# Fall 2011 Computational Journal

## October 4, 2011

To determine what genes are sigificantly differentially expressed, p values were determined across all the timecourse data for each gene for each strain using an f-test. First, the average log fold change, μj where j is the timepoint, was calculated for each timepoint for each strain. Second, for each strain, the average log fold change μj was subtracted from the log fold change for each flask for each timepoint. Third, the sum of the squares of these differeneces was found for each strain, which is the SSF (the sum of the squares of the error):

SSF=ΣjΣi(Yij-μj)2


where i is the flask and j is the timepoint. There should be only one SSF value for each gene for each strain.

Fourth, the sum of the square of the log fold change for each flask for each timepoint was calculated for each strain:

SSH=ΣjΣi(Yij)2


where i is the flask and j is the timepoint.

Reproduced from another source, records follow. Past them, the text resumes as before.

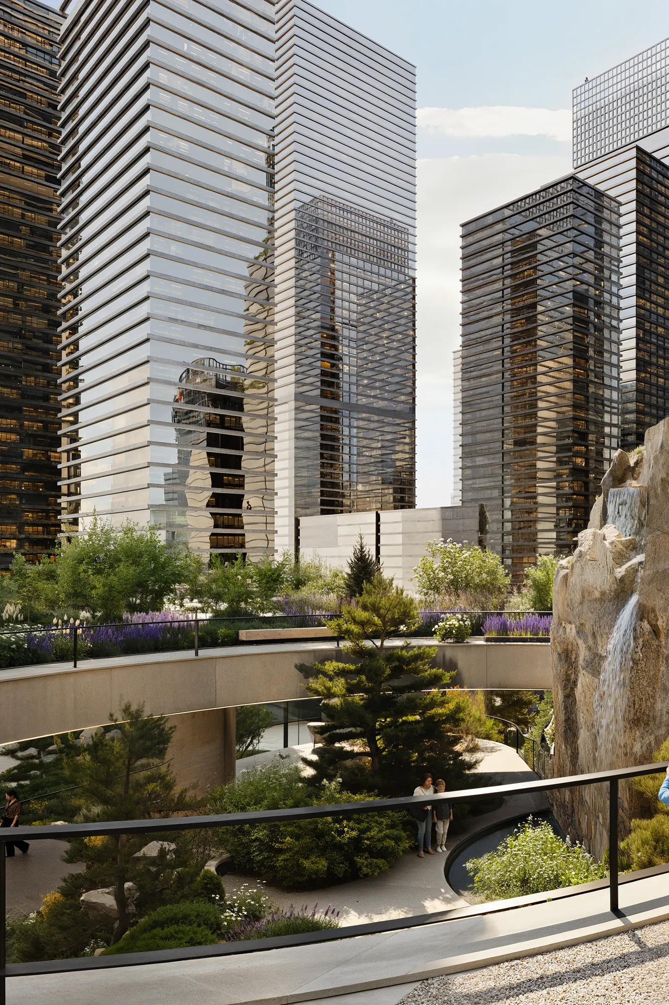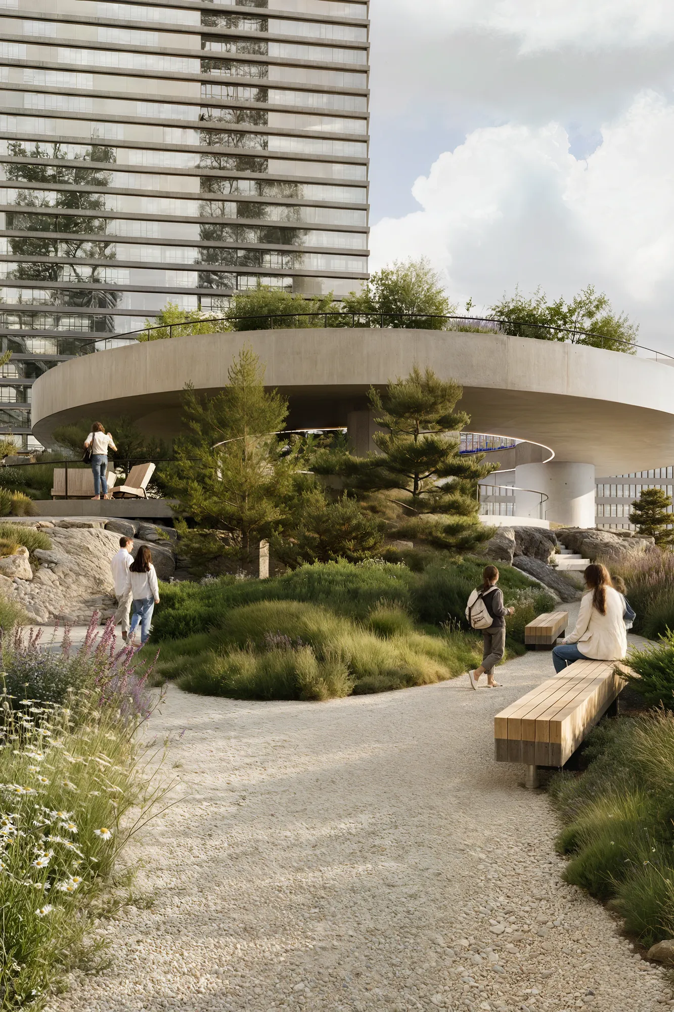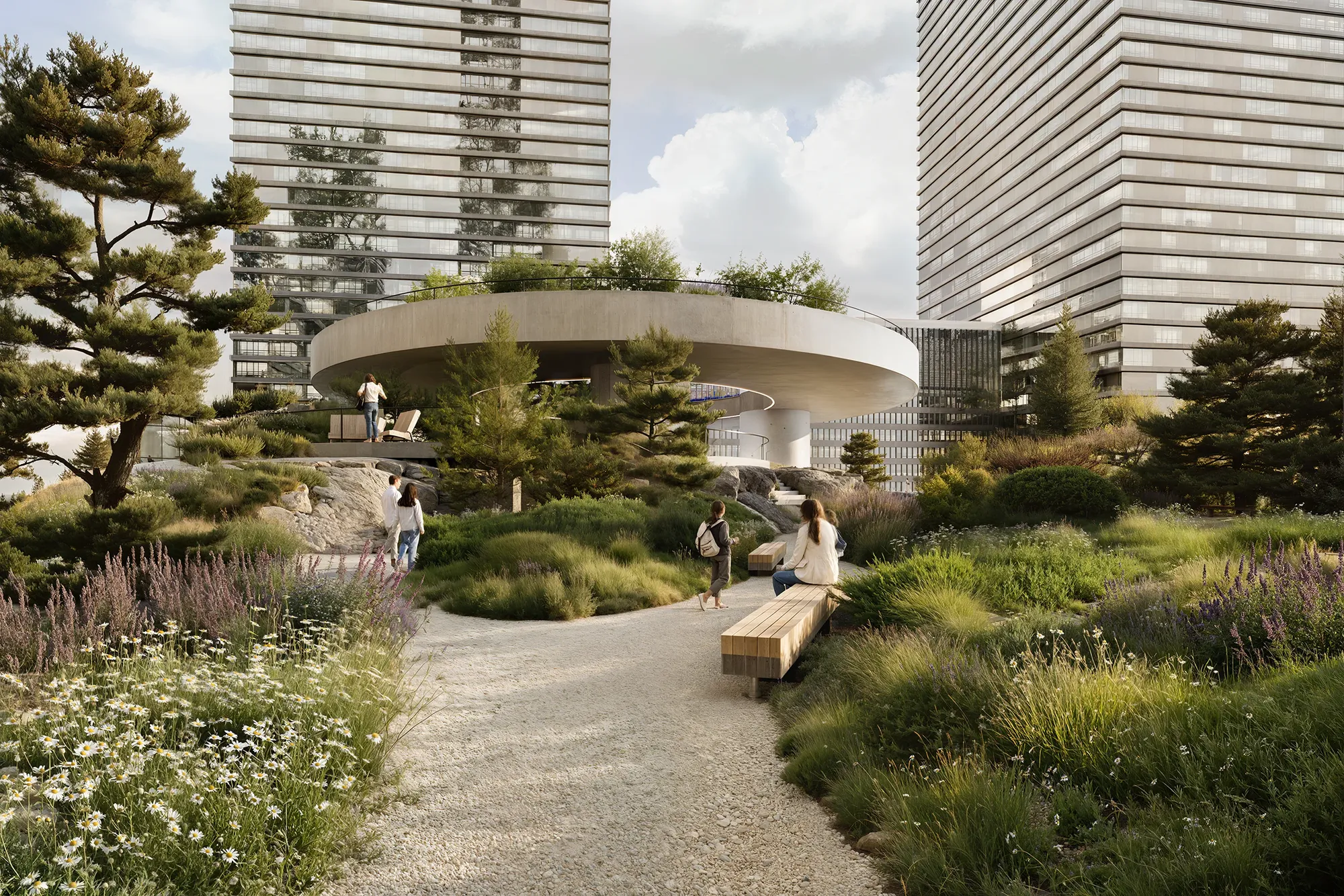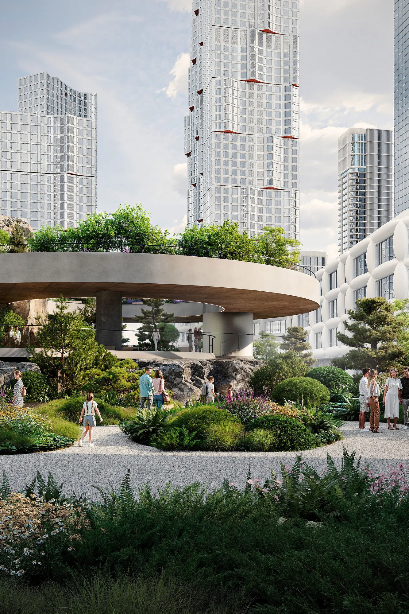 Ландшафт имитирует карельский рельеф. Холмы, скальные композиции и густые насаждения формируют характерность авторского Скандинавского сада®, а также эффективно скрывают шум мегаполиса для жильцов комплекса. Это «островок дикой природы» посреди высотных зданий — место, где можно обрести гармонию.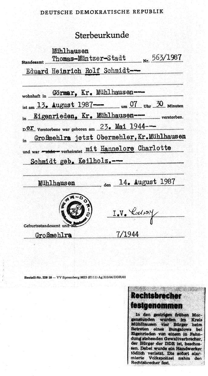 Die Zentrale Auskunfts- und Informationsgruppe des DDR-Staatssicherheitsdienstes meldete am 17. August 1987 in ihrer internen Wochenübersicht Nr. 33/87 über „gegnerische Aktivitäten anläßlich des 26. Jahrestages der Errichtung des antifaschistischen Schutzwalls am 13. August 1961 und damit im Zusammenhang stehende Vorkommnisse im Inneren der DDR” ohne Namensangabe einen „Mord an einem Bürger der DDR durch einen Unteroffizier der NVA”. Beim Getöteten handelte es sich um Rolf Schmidt.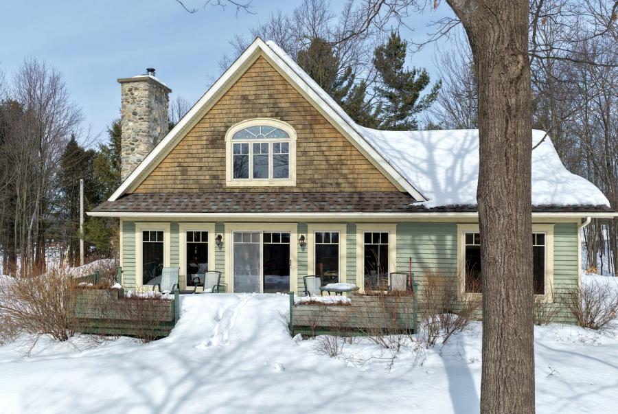 Charmant cottage de style Nouvelle-Angleterre, construit en 1999, au sommet d'une colline, offrant une vue panoramique sur le Lac Massawipi et les montagnes à l'horizon. Terrain intime et boisé de 130 000 pi² principalement composé de feuillus. Aire de vie ouverte, foyer au salon et planchers chauffants. Trois chambres et deux salles de bains. Luminosité abondante grâce aux nombreuses fenêtres. Garage indépendant, piscine hors terre. Sous-sol avec descente et entrée indépendante double pratique pour remiser vos équipements. Environnement paisible et enchanteur à proximité de North Hatley et du Mont Orford.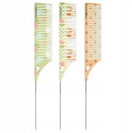Trzy różnej wielkości grzebienie, które szybko i łatwo rozdzielają włosy na grubsze i cieńsze sekcje podczas rozjaśniania. Niezastąpione w Twoim salonie fryzjerskim. Jeden prosty ruch grzebienia tworzy kilka równych odcinków gotowych do pomalowania. Każdy grzebień wyposażony jest w końcówkę ze stali nierdzewnej do rozdzielania i dzielenia. Nie elektryzuje się, zapobiega puszeniu i elektryzowaniu się włosów.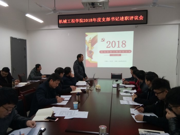 2月27日上午,机械学院在A402会议室召开2018年度支部书记党建述职评议会。校党委党校常务副校长徐其清、学院党政领导班子成员、全体支部书记参加了述职评议。会议由学院党委书记张安宁主持。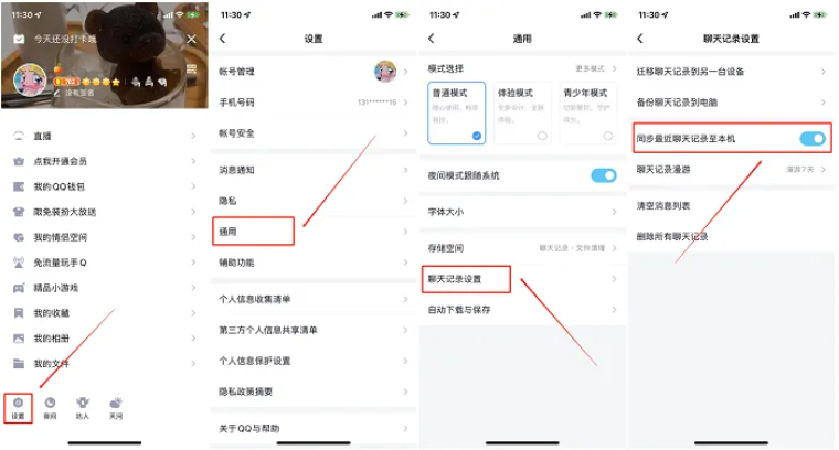 1、首先在手機上打開QQ,點擊頭像,在左下角依次點擊【設置】-【通用】-【聊天記錄設置】,確保【同步最近聊天記錄至手機】是打開狀態。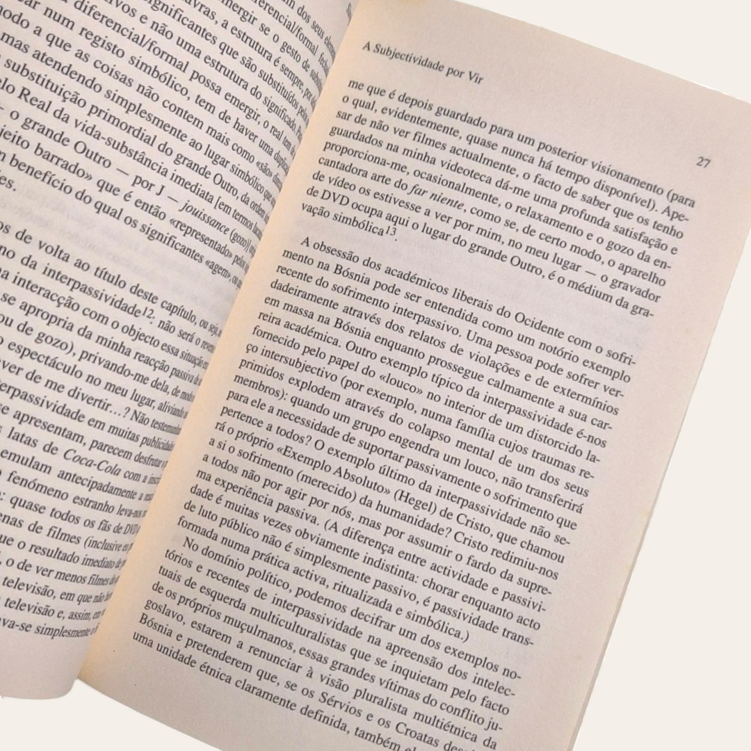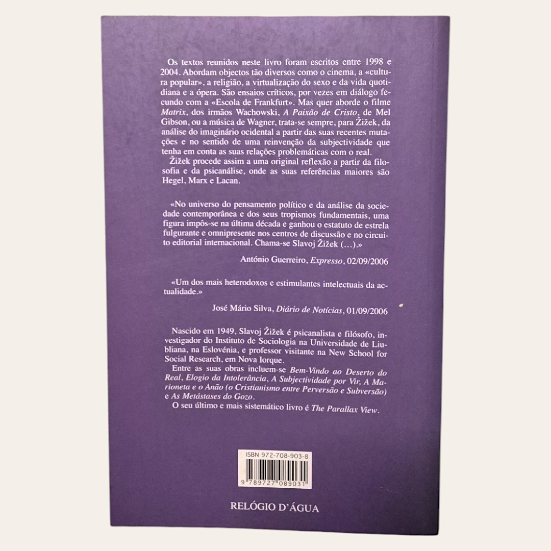 Os textos reunidos neste livro foram escritos entre 1998 e 2004. Abordam objectos tão diversos como o cinema, a «cultura popular», a religião, a virtualização do sexo e da vida quotidiana e a ópera. São ensaios críticos, por vezes em diálogo fecundo com a «Escola de Frankfurt». Mas quer aborde o filme Matrix dos irmãos Wachowski, A Paixão de Cristo, de Mel Gibson, ou a música de Wagner, trata-se sempre, para Zizek, da análise do imaginário ocidental a partir das suas recentes mutações e no sentido de uma reinvenção da subjectividade que tenha em conta as suas relações problemáticas com o real. Zizek procede assim a uma original reflexão a partir da filosofia e da psicanálise, onde as suas referências maiores são Hegel, Marx e Lacan.

Fifth, the F statistic was calculated for each gene for each strain by subtracting the SSF from the SSH, dividing the difference by the SSF, and multiplying the entire quotient by the difference of the total number of data points for the strain and the total number of timepoints for the strain divided by the total number of timepoints for the strain:

F Statistic = ((SSH-SSF)/SSF)*((N-T)/T)


where N is the total number of data points for the strain and T is the total number of timepoints for the strain. The p value for each gene for each strain was calculated using the following function in Excel:

=FDIST(F statistic, T, N-T)


where N is the total number of data points for the strain and T is the total number of timepoints for the strain. Then, the total number of genes with a p value below 0.05 was counted. These genes are considered to be significantly differentially expressed.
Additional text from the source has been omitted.